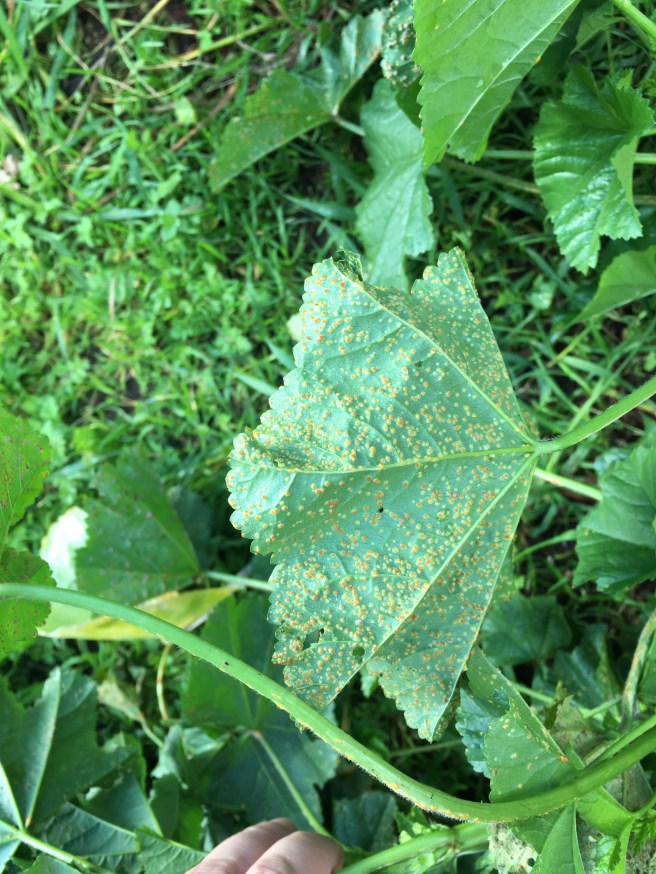 Anyway, the ‘scale’ on your cheeseweed is an infestation of rust. It is fungal pathogen that is common on cheeseweed, but may affect nothing else in your garden. It, or perhaps another type of rust, can be a problem for okra, and is often a problem for hollyhock.
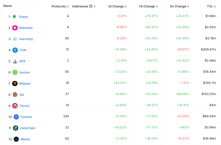 체인은 오늘날 매우 녹색입니다. 세 가지 타임라인(일일, 주간, 월간) 모두에서 빨간색으로 표시된 상위 50개 체인은 Mixin(#37)과 zkSync Era(#45)뿐입니다.
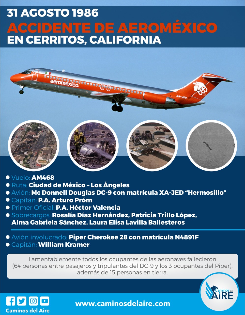 Un día como hoy 31 de agosto pero de 1986, un DC-9 realizaba su aproximación final al Aeropuerto Internacional de los Ángeles, en su trayectoria de descenso, un Piper Cherokee incursionó en su trayectoria....
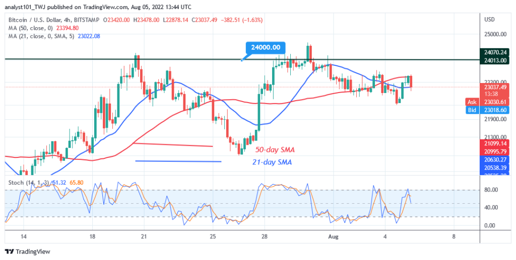 On August 5, Bitcoin declined above the moving average lines. BTC price found support above $22,593.50 and resumed upward. This will be the second time Bitcoin is falling after failing to break above the $24,000 overhead resistance. In the previous retest, Bitcoin declined to the low of $20,724 as bulls bought the dips. On the upside, Bitcoin will rise to retest the $24,000 overheard resistance if the current support holds.
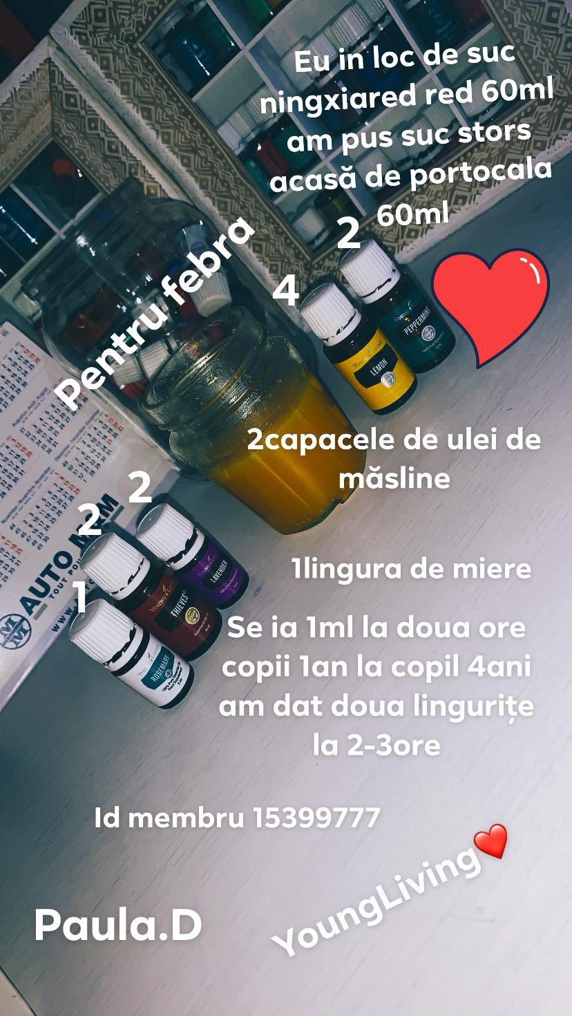 - O alta marturie a fost cu ultimul bebe care după ce am născut la nici 1luna de zile a răcit ,pentru ca fiind așa mica nimeni nu îți da absolut nimic,doar ca de teama sa nu ma interneze cu ea mai ales ca mai aveam acasă 3copilasi și neavând cu cine sa ii las am început din nou sa ma informez .Si am găsit ca aceste uleiuri se poate folosit chiar și la bebe nou născut ,am început un protocol de uleiuri pentru ea aplicate loc și puse in difiuzer iata ca și de aceasta data am rămas uimita de cât de folositoare sunt la casa omului !
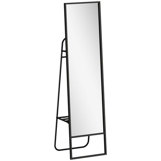 Découvrez votre tenue avec le grand miroir sur pied HOMCOM de 148,5 x 40 cm, offrant une vue HD limpide. Plus qu'un miroir, c'est un élément décoratif noir minimaliste avec étagère et crochets intégrés, idéal pour organiser vos essentiels. Sécurisé par un film incassable, il est parfait pour allier forme et fonctionnalité.
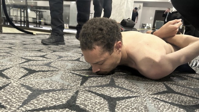 Dalam foto tersebut, pelaku terlihat bertelanjang dada dan dalam posisi tengkurap di atas karpet. Kedua tangannya diborgol di punggung, sementara petugas keamanan berjaga ketat tepat di belakangnya.
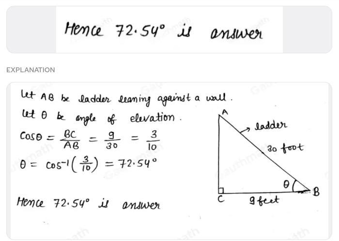 Find the angle of elevation that a 30-foot ladder, leaning against a wall, if the bottom
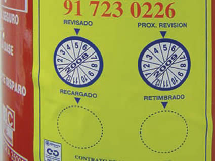 Pesado del extintor, comprobaciones respecto al estado general y la presión interna.
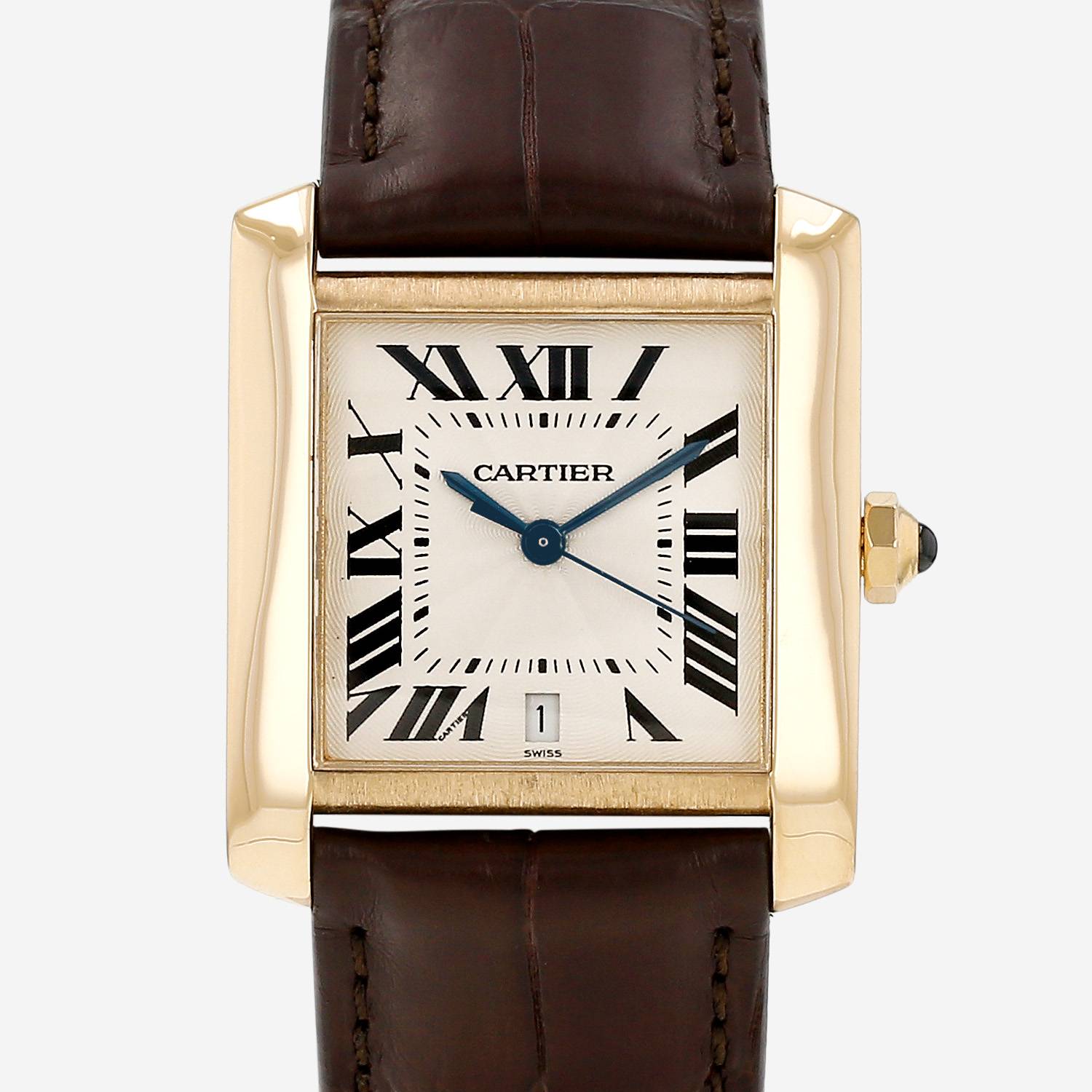 Orologio da polso Cartier Tank Française in oro giallo. Cassa rettangolare in oro giallo, fondo cassa avvitato, corona scanalata incastonata con un cabochon in zaffiro.

━━━━

# [Your task]
Everything from the line containing "Dalam foto tersebut, pelaku" through the last line of the listing above must be output exactly, except the pictures.

# [The completed task]
 Dalam foto tersebut, pelaku terlihat bertelanjang dada dan dalam posisi tengkurap di atas karpet. Kedua tangannya diborgol di punggung, sementara petugas keamanan berjaga ketat tepat di belakangnya.
 Find the angle of elevation that a 30-foot ladder, leaning against a wall, if the bottom
 Pesado del extintor, comprobaciones respecto al estado general y la presión interna.
 Orologio da polso Cartier Tank Française in oro giallo. Cassa rettangolare in oro giallo, fondo cassa avvitato, corona scanalata incastonata con un cabochon in zaffiro.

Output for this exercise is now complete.